Linux 内核结构体(进程内存)

struct task_struct {
    volatile long state;  //说明了该进程是否可以执行,还是可中断等信息
    unsigned long flags;  //Flage 是进程号,在调用fork()时给出
    int sigpending;    //进程上是否有待处理的信号
    mm_segment_t addr_limit; //进程地址空间,区分内核进程与普通进程在内存存放的位置不同
                            //0-0xBFFFFFFF for user-thead
                            //0-0xFFFFFFFF for kernel-thread
    //调度标志,表示该进程是否需要重新调度,若非0,则当从内核态返回到用户态,会发生调度
    volatile long need_resched;
    int lock_depth;  //锁深度
    long nice;       //进程的基本时间片
    //进程的调度策略,有三种,实时进程:SCHED_FIFO,SCHED_RR, 分时进程:SCHED_OTHER
    unsigned long policy;
    struct mm_struct *mm; //进程内存管理信息
    int processor;
    //若进程不在任何CPU上运行, cpus_runnable 的值是0，否则是1 这个值在运行队列被锁时更新
    unsigned long cpus_runnable, cpus_allowed;
    struct list_head run_list; //指向运行队列的指针
    unsigned long sleep_time;  //进程的睡眠时间
    //用于将系统中所有的进程连成一个双向循环链表, 其根是init_task
    struct task_struct *next_task, *prev_task;
    struct mm_struct *active_mm;
    struct list_head local_pages;       //指向本地页面      
    unsigned int allocation_order, nr_local_pages;
    struct linux_binfmt *binfmt;  //进程所运行的可执行文件的格式
    int exit_code, exit_signal;
    int pdeath_signal;     //父进程终止时向子进程发送的信号
    unsigned long personality;
    //Linux可以运行由其他UNIX操作系统生成的符合iBCS2标准的程序
    int did_exec:1; 
    pid_t pid;    //进程标识符,用来代表一个进程
    pid_t pgrp;   //进程组标识,表示进程所属的进程组
    pid_t tty_old_pgrp;  //进程控制终端所在的组标识
    pid_t session;  //进程的会话标识
    pid_t tgid;
    int leader;     //表示进程是否为会话主管
    struct task_struct *p_opptr,*p_pptr,*p_cptr,*p_ysptr,*p_osptr;
    struct list_head thread_group;   //线程链表
    struct task_struct *pidhash_next; //用于将进程链入HASH表
    struct task_struct **pidhash_pprev;
    wait_queue_head_t wait_chldexit;  //供wait4()使用
    struct completion *vfork_done;  //供vfork() 使用
    unsigned long rt_priority; //实时优先级，用它计算实时进程调度时的weight值
     
    //it_real_value，it_real_incr用于REAL定时器，单位为jiffies, 系统根据it_real_value
    //设置定时器的第一个终止时间. 在定时器到期时，向进程发送SIGALRM信号，同时根据
    //it_real_incr重置终止时间，it_prof_value，it_prof_incr用于Profile定时器，单位为jiffies。

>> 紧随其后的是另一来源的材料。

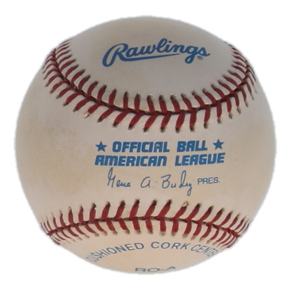 Rawlings Official American League Baseball. Hand-signed by Lee MacPhail (D. 2012, HOF). Please note, the baseball is naturally toning and stained.
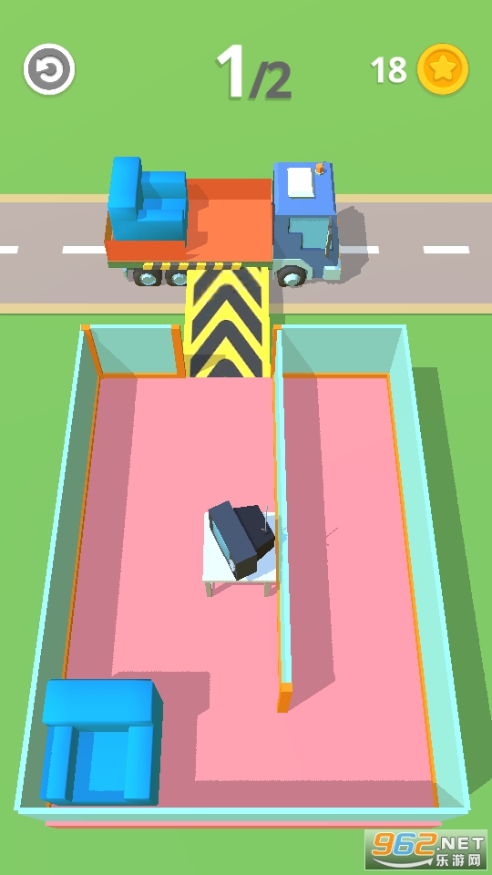 游戏的主要内容就是帮助你的客户进行搬家,把所有的沙发都运送到货车上去,和华容道的玩法有点类似,障碍物会越来越多,合理的进行安排吧,不过游戏里开车的体验挺不错的,可以任性的放飞自我。

    //当进程运行时，不管在何种状态下，每个tick都使it_prof_value值减一，当减到0时，向进程发送
    //信号SIGPROF，并根据it_prof_incr重置时间.
    //it_virt_value，it_virt_value用于Virtual定时器，单位为jiffies。当进程运行时，不管在何种
    //状态下，每个tick都使it_virt_value值减一当减到0时，向进程发送信号SIGVTALRM，根据
    //it_virt_incr重置初值。
    unsigned long it_real_value, it_prof_value, it_virt_value;
    unsigned long it_real_incr, it_prof_incr, it_virt_value;
    struct timer_list real_timer;   //指向实时定时器的指针
    struct tms times;      //记录进程消耗的时间
    unsigned long start_time;  //进程创建的时间
    //记录进程在每个CPU上所消耗的用户态时间和核心态时间
    long per_cpu_utime[NR_CPUS], per_cpu_stime[NR_CPUS]; 
    //内存缺页和交换信息:
    //min_flt, maj_flt累计进程的次缺页数（Copy on　Write页和匿名页）和主缺页数（从映射文件或交换
    //设备读入的页面数）； nswap记录进程累计换出的页面数，即写到交换设备上的页面数。
    //cmin_flt, cmaj_flt, cnswap记录本进程为祖先的所有子孙进程的累计次缺页数，主缺页数和换出页面数。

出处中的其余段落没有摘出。